Records contained in a dataset
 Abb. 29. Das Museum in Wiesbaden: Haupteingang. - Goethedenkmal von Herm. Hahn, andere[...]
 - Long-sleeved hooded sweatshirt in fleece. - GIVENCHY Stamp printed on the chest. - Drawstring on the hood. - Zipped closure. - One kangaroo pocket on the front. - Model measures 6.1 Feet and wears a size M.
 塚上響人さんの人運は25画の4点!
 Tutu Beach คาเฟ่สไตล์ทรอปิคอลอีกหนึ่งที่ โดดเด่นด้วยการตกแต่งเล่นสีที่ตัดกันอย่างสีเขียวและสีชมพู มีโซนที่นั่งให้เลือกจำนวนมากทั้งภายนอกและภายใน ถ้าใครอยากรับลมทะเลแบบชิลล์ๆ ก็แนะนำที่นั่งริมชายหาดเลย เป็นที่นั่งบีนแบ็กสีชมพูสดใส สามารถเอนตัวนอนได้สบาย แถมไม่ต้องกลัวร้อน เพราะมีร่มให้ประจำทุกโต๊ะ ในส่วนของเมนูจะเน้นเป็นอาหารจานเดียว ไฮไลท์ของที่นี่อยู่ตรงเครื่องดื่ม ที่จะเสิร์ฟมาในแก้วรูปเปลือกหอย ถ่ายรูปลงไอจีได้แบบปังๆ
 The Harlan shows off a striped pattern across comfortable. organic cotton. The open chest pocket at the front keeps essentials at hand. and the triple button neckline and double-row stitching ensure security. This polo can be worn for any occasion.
* * *
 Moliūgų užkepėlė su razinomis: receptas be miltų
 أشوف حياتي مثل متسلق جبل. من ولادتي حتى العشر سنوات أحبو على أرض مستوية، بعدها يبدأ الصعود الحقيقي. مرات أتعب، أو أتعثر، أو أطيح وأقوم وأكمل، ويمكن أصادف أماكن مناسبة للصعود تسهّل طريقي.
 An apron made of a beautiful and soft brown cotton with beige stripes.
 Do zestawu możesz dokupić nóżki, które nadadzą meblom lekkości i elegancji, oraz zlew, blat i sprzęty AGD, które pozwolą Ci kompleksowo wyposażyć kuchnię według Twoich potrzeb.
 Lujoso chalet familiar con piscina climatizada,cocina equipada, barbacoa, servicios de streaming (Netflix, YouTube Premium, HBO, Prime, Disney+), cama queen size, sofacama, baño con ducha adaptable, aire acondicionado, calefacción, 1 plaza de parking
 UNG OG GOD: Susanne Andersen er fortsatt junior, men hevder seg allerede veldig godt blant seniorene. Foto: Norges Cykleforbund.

◆ **ACTIVITY**:
Check the records above and copy each line that has the string "size".

◆ **OUTPUT OF THE EXERCISE**:
 - Long-sleeved hooded sweatshirt in fleece. - GIVENCHY Stamp printed on the chest. - Drawstring on the hood. - Zipped closure. - One kangaroo pocket on the front. - Model measures 6.1 Feet and wears a size M.
 Lujoso chalet familiar con piscina climatizada,cocina equipada, barbacoa, servicios de streaming (Netflix, YouTube Premium, HBO, Prime, Disney+), cama queen size, sofacama, baño con ducha adaptable, aire acondicionado, calefacción, 1 plaza de parking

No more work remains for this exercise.